Erdenebayar Urtnasan, Jong-Uk Park and Kyoung-Joung Lee Department of Biomedical Engineering, College of Health Science, Yonsei University, Wonju-si, Gangwon-do 26493, Republic of Korea E-mail: [email protected] Keywords: obstructive sleep apnea and hypopnea (OSAH), deep learning, single-lead electrocardiogram (ECG), convolutional neural network (CNN)

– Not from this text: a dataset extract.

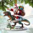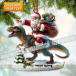 Santa Riding A Dinosaur Christmas Ornament, Personalized Ornament
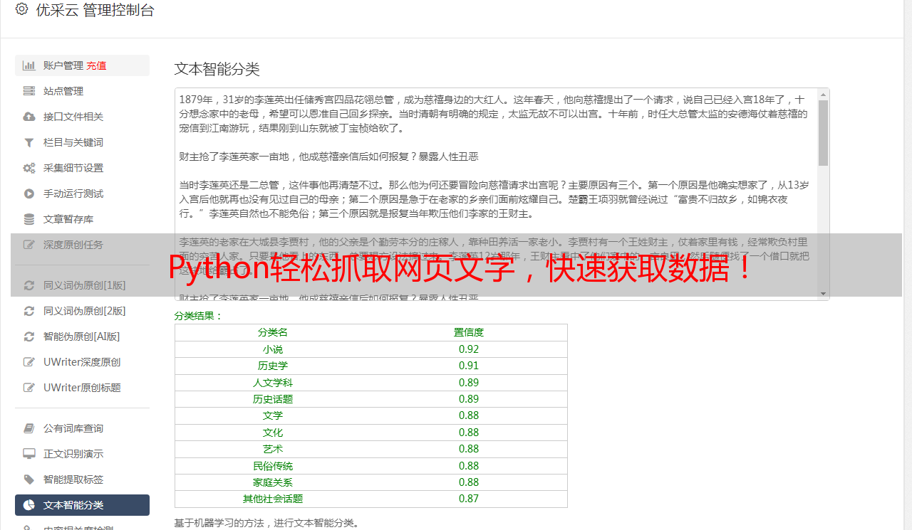 优采云 发布时间: 2023-05-10 06:27在互联网时代,数据是一切的基础。而数据的获取方式也变得越来越多样化,其中抓取网页数据是最为常见的方式之一。本篇文章将介绍如何使用Python来抓取网页里面的文字,让你轻松获取所需数据。

Abstract Objective: In this paper, we propose a convolutional neural network (CNN)-based deep learning architecture for multiclass classification of obstructive sleep apnea and hypopnea (OSAH) using single-lead electrocardiogram (ECG) recordings. OSAH is the most common sleep-related breathing disorder. Many subjects who suffer from OSAH remain undiagnosed; thus, early detection of OSAH is important. Approach: In this study, automatic classification of three classes—normal, hypopnea, and apnea—based on a CNN is performed. An optimal six-layer CNN model is trained on a training dataset (45 096 events) and evaluated on a test dataset (11 274 events). The training set (69 subjects) and test set (17 subjects) were collected from 86 subjects with length of approximately 6 h and segmented into 10 s durations. Main results: The proposed CNN model reaches a mean F1-score of 93.0 for the training dataset and 87.0 for the test dataset. Significance: Thus, proposed deep learning architecture achieved a high performance for multiclass classification of OSAH using single-lead ECG recordings. The proposed method can be employed in screening of patients suspected of having OSAH.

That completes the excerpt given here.